See Astronomers Uncover the Origin of Most of Earth’s Meteorites, Shedding Light on Our Solar System’s Past

See Astronomers Uncover the Origin of Most of Earth’s Meteorites, Shedding Light on Our Solar System’s Past

Prior to the latest investigation, scientists have tracked the origin of just 6% of the known meteorites that landed on our planet.

Every day, 48.5 tons of meteoritic debris enters Earth’s atmosphere. Almost all of it burns up during its descent, but the parts that survive and reach our planet’s surface are known as meteorites. Because some of these space rocks date back to the very early days of our solar system and have stayed unmodified since their formation, they can provide information about the environment in which our sun and planets formed.

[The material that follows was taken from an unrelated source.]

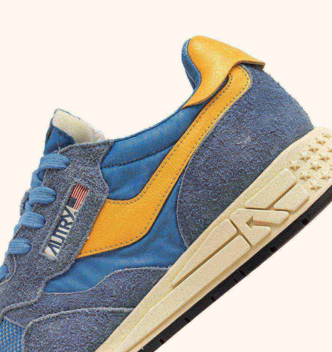 Innovative, light and extremely flexible, Reelwind Autry sneakers draw inspiration from the running world. The women’s style is crafted from a mix of bluette suede and nylon, with side panels in yellow leather.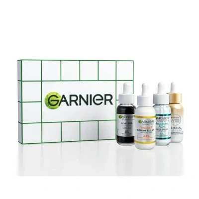 Coffret cadeau contenant 4 sérums adaptés à chacun de vos besoins. N’oubliez pas : votre peau évolue au cours des semaines et des mois. Nos sérums peuvent s’utiliser en complémentarité Sérum Anti-Taches : Réduisez vos taches brunes en appliquant 1 pipette matin et soir sur visage propre. Faites pénétrer dans la peau, appliquez ensuite votre crème de jour ou crème de nuit Sérum Anti-imperfections : Affinez votre grain de peau et uniformisez votre teint en appliquant le sérum sur visage propre. Faites soigneusement pénétrer dans la peau. À utiliser en sérum quotidien (matin et soir) ou spécifiquement sur les boutons Sérum Repulpant Hyaluronic Aloe : Hydratez et repulpez votre peau en appliquant 1 pipette matin et soir sur visage propre. Faites pénétrer dans la peau, appliquez ensuite votre crème de jour ou crème de nuit Sérum Autobronzant Visage : Obtenez un teint hâlé sur-mesure, progressif en mélangeant 4-12 gouttes de sérum avec une crème hydratante. Appliquez uniformément sur visage et cou propres, Estompez avec un coton à la racine des cheveux et sourcils Contenu : 1x Coffret cadeau 4 sérums Garnier, Inclus : 1x Sérum Anti-Tache à la Vitamine C (30 ml), 1x Sérum Anti-Imperfections au Charbon, Niacinamide et AHA+BHA (30 ml), 1x Sérum Hyaluronic Aloe (30 ml), 1x Sérum Autobronzant Visage (30 ml)

Until recently, scientists have only tracked the origins of 6% of the over 70,000 known meteorites, attributing them to the moon, Mars, or Vesta (one of the biggest asteroids in our solar system’s asteroid belt), according to the statement.

An multinational team of specialists has pinpointed the origin of almost 90% of all known meteorites, revealing that 70% came from just three asteroid families in the asteroid belt between Mars and Jupiter. In September and October, the researchers published three publications in the journals Astronomy and Astrophysics and Nature.

“It’s absolutely like a pot of gold at the end of a rainbow for a meteoriticist to know what asteroid the samples come from,” Sara Russell, a planetary scientist at London’s Natural History Museum who wasn’t involved with the new research, tells Science News’ Robin George Andrews.

The team studied the composition of meteorites found on Earth and conducted a telescopic survey of the materials that make up the major asteroid families in the asteroid belt. Via simulations, they modeled the formation of those asteroid families, per the statement.

An asteroid family is a group of asteroids with similar orbits formed by collisions inside the asteroid belt.Miroslav Brož, an astronomer at Charles University in the Czech Republic and principal author of two studies, spoke with Reuters’ Will Dunham.

The research discovered three large asteroid families: Karin, Koronis, and Massalia. They developed as a consequence of three collisions that occurred 5.8 million, 7.5 million, and about 40 million years ago. These are recent origins when compared to the whole history of our solar system, which is around 4.6 billion years old.

“The most recent collisional events that happened in the asteroid belt are completely dominating the flux of material to our planet,” Michaël Marsset, a research fellow at the European Southern Observatory and lead author of one of the papers, tells Gizmodo’s Passant Rabie. “You might think that the meteorite flux should be a blend of all the compositional classes we observe in the asteroid belt, but it’s not at all the case, it’s dominated by three asteroids that fragmented recently.”

That makes sense, because younger asteroid families consist of more asteroid fragments because of their relatively recent formation, per the statement. These pieces collide with each other, in turn, which can sometimes knock the fragments onto a course toward Earth. Over tens of millions of years of these crash impacts, the cluster becomes depleted.

Researchers found that the Karin and Koronis families account for a type of meteorites called H chondrites, which make up 33 percent of Earth’s known meteorites, per Reuters. The Massalia family, on the other hand, is responsible for a type of meteorite called L chondrites, which make up 37 percent of Earth’s meteorites.

In all, chondrites make up 85 percent of the meteorites found on Earth. They are stony meteorites with distinctive round particles called chondrules, and they often contain olivine and pyroxene, silicate minerals commonly considered the building blocks of our solar system, as Trevor Ireland, a researcher at the University of Queensland in Australia, writes for the Conversation.